Ein Keloheinu (in Hebrew:  אֵין כֵּאלֹהֵינוּ, "there is none like our God") is a well known Jewish hymn. Orthodox Jews pronounce it as Ein Kelokeinu  when referring to it outside of prayer, in order to avoid taking the name of God in vain or otherwise violating the sanctity of reverence to the Almighty.

Ein Keloheinu is sometimes chanted at the end of the morning service (shacharit). In the Ashkenazi tradition outside of Israel, it is only said at the end of Shabbat and festival services, towards the end of the Mussaf service, immediately before a Talmudic lesson on the making of the Temple incense. However, in the vast majority of Ashkenazic communities in the Land of Israel, as well as in all Sephardi and Chasidic weekday morning prayer services it is said daily. In some other regional traditions it is used elsewhere in the liturgy, but it seems to be known worldwide. In many synagogues it is sung; in some Orthodox synagogues it is only said quietly by every person for themselves and is not regarded as a critical part of the prayer service.

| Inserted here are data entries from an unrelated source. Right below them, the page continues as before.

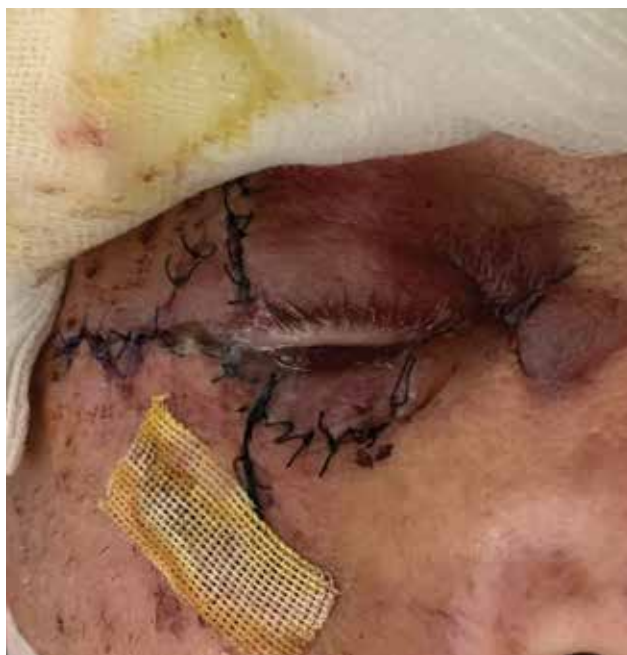
Obrázek 6-b. Nález při kontrole první den po rekonstrukci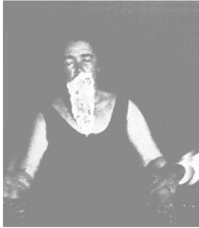
Foto nº 12. La misma fotografía nº 11 mostrando a la médium asegurada por ambos brazos.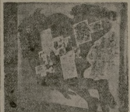
Entre los cinco murales expuestos por la J. S. U. está el titulado "Invasión"

res de JUVENTUD-HISTORIA DE LA GUERRA! Encerrar, en un plano de tamaño justo, con unos pocos rasgos gráficos, elegantes y desembarazados, en media docena de fotos y cinco fechas anecdóticas, la verdadera historia, la historia política de la guerra... es algo que os acredita no sólo como enemigo a muerte del fascismo, sino como "enemigo mortal de necesidad" de él, porque el fusil pudiera abatirse; el grito alocado, ahogarse; el ademán desesperado, contener-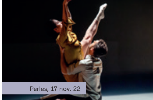
Perles, 17 nov. 22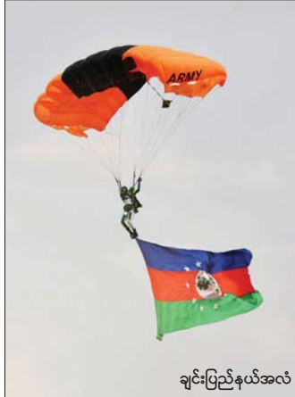
ချင်းပြည်နယ်အလံ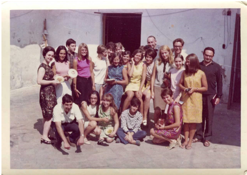
>> España amb un grup de participants a «Jovenut i turisme» el 1967.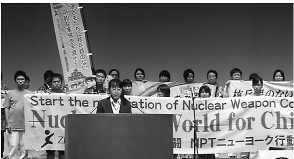
原水爆禁止世界大会で「核兵器のない世界を」と訴える参加者＝8月6日、広島市

核兵器のない世界を指すためには、「核抑止論」「核の傘」そのものから脱却が必須で、改めて政府に根本的な政策転換を迫らなければならぬ。世界大会を契機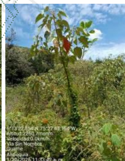
Imagen 9 - 14. Compensación realizada con la siembra de árboles nativos en el predio.

One explanation for the prayer is that its 20 sentences each count as a blessing. Jews are exhorted to make at least 100 blessings daily [Talmud, Menachot 43b]. On weekdays, the Shemoneh Esrei (or "Amidah") prayer contains 19 blessings and is said three times, totaling 57 blessings, and the remaining 43 are said during other parts of daily services as well as during other events throughout the day. On Shabbat and festivals, however, the Amidah consists of only seven blessings. Ein Keloheinu was designed to ensure that everybody would say at least 100 blessings a day, even on those days when the Amidah is shorter.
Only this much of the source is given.